A new collaborative research with Charles Darwin University (CDU) and University Technology Sydney (UTS) suggests that better monitoring of wind, gas density, and temperatures in coal mines might help lower the likelihood of disasters.
The study, titled ‘An FSV analysis approach to verify the robustness of the triple-correlation analysis theoretical framework,’ focuses on constructing a gas monitoring system that holistically assesses wind, gas, and temperature conditions.
The initiative utilised data from a significant Global Fortune 500 mining company in China, which owned 46% of global coal output in 2020.
According to co-author and CDU Faculty of Science and Technology Associate Professor Niusha Shafiabady, the study looked at real-time data and found three significant correlations between gas, temperature, and wind.
The research indicated that the framework may be utilised to create a more sensitive gas warning system to minimise the occurrence of gas explosions.

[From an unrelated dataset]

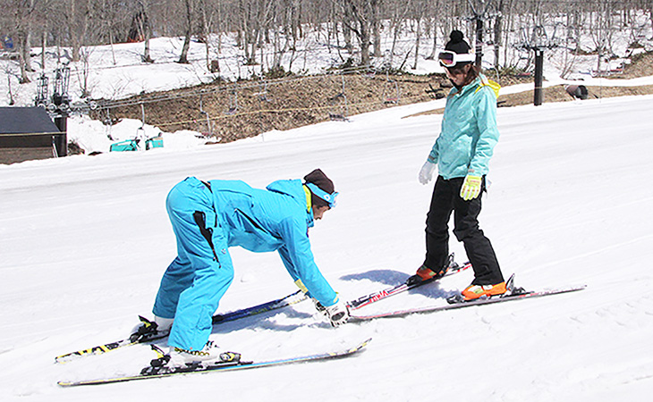 スキーのトップが重なってしまうときや、滑り出す前にエッジを立てて止まっていられない場合、滑り慣れた人にトップを持ってサポートしてもらいましょう。
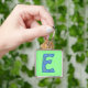A very pretty Keychain with the initial 'E' in a blue and green floral pattern on a light green background. You can easily change the shape and size of the keychain as well as the background colour (by using the Customise button). And if you see one of my other patterns that you prefer, please contact me through my store and I will create one at no extra charge.

“A significant number (3,284) of coal mines have high gas content at outburst-prone risk levels across almost 26 major coal mining provinces in China,” Associate Professor Shafiabady explained.
“For example on 10 June 2020, a serious coal and gas outburst accident occurred in Liaoyuan, China which resulted in seven deaths and two injuries, with resulted in seven deaths and two injuries, with a direct economic loss of 16.66 million yuan ($3.4 million),” she continued.
She said monitoring coal and rock dynamic hazards in real-time during coal mining operations is critical.
CDU, UTS, Shanxi Normal University, Central Queensland University, Taiyuan Normal University, Shanxi Fenxi Mining Industry Group Co, and Shanxi Fenxi Mining Zhongxing Coal Industry Co conducted the research.
According to Associate Professor Shafiabady, the study’s findings might be applied by mining companies to avert gas incidents.
“The outcomes of this study can also be used in other industries such as chemical industry, oil and gas industry, water treatment plants and semiconductor manufacturing industries,” she said.
“Currently we are working on creating a real-time Artificial Intelligence decision making system with the ability to predict the accidents as an addition to the current designed gas monitoring system,” she added.